Coursera-Machine-Learning
Coursera-Machine-Learning copied to clipboard
Matrix sum in Neural network's cost function
Hi Jordi,
First of all, thanks so much for the notebooks. They really help me to follow through the course.
I have one question in your notebook 4, nnCostFunction -- where J = ... np.sum((np.log(a3.T)*(y_matrix)+np.log(1-a3).T*(1-y_matrix)))
.
I think this does matrix multiplication --> giving 10*10 matrix (or n_label * n_label). This gives a matrix, let's name this cost-matrix, Jc. This Jc matrix contains not only how a set of predicted values for one label differs from it's corresponding target (diagonal elements), but also how it is differs from targets of other labels (off-diagonal elements). For example, the multiplication would multiply a column of predicted values np.log(a3.T) of one label (e.g. k) with all columns of targets.
Then the code sums all elements of this matrix. This seems to over-calculate J. Instead of summing all the elements, I think only the diagonal elements are needed.
Please use this picture to accommodate my description, which might be confusing.
Please let me know if I misunderstood the code.

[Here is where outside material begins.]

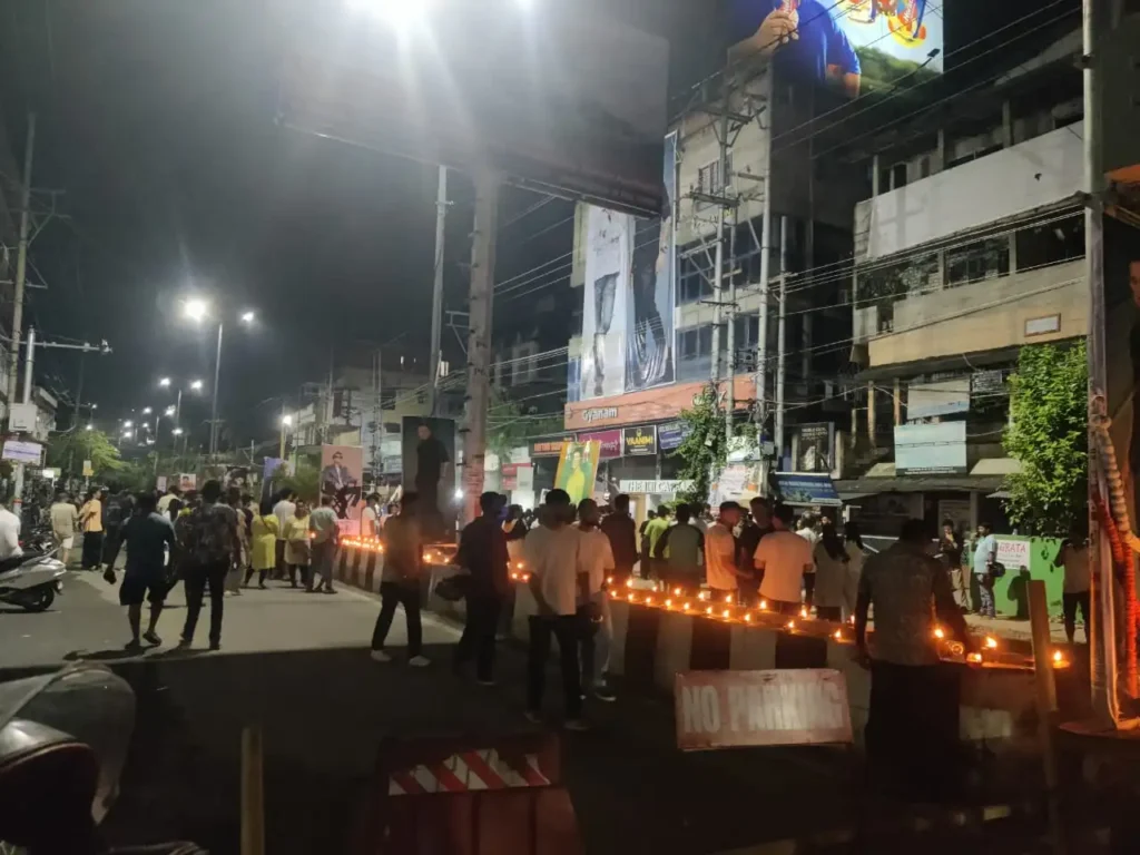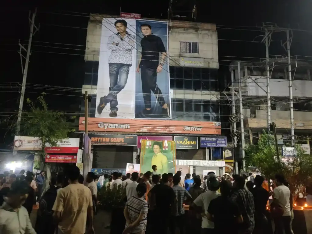 The Supermarket area, one of the busiest hubs of Guwahati, witnessed an extraordinary sight—thousands gathered, holding candles high, chanting “Joi Zubeen Daa” and singing his songs. Buildings were draped with massive banners of the icon, while murals and paintings began to appear across walls, immortalizing the legend in the cityscape.

Best regards and thanks again, -Tua
Hi Tua,
The code you refer to above is the implementation of the Regularized Cost Function shown just above the code in the notebook and in section 1.4 of the Coursera exercise document. It will return a single, scalar value (not a matrix) assigned to variable J.
I am not sure I understand what you mean with 'over-calculating' cost J.
Hi Jordi,
I understand that the code is the implementation of the Regularized Cost Function shown above it.
What I meant is, I think the np.sum
in J = -1*(1/m)*np.sum((np.log(a3.T)*(y_matrix)+np.log(1-a3).T*(1-y_matrix)))
should be replaced with summing only the diagonal elements of ((np.log(a3.T)*(y_matrix)+np.log(1-a3).T*(1-y_matrix))
. Because np.sum
would sum all the elements of the e.g. the output matrix in the image below. And it will not be the same as the Regularized Cost Function the code refers to.
For simplicity, I only wrote the output of (np.log(a3.T)*(y_matrix)
but the same argument apply for np.log(1-a3).T*(1-y_matrix)
.
Please let me know your thoughts.
Best regards, -Tua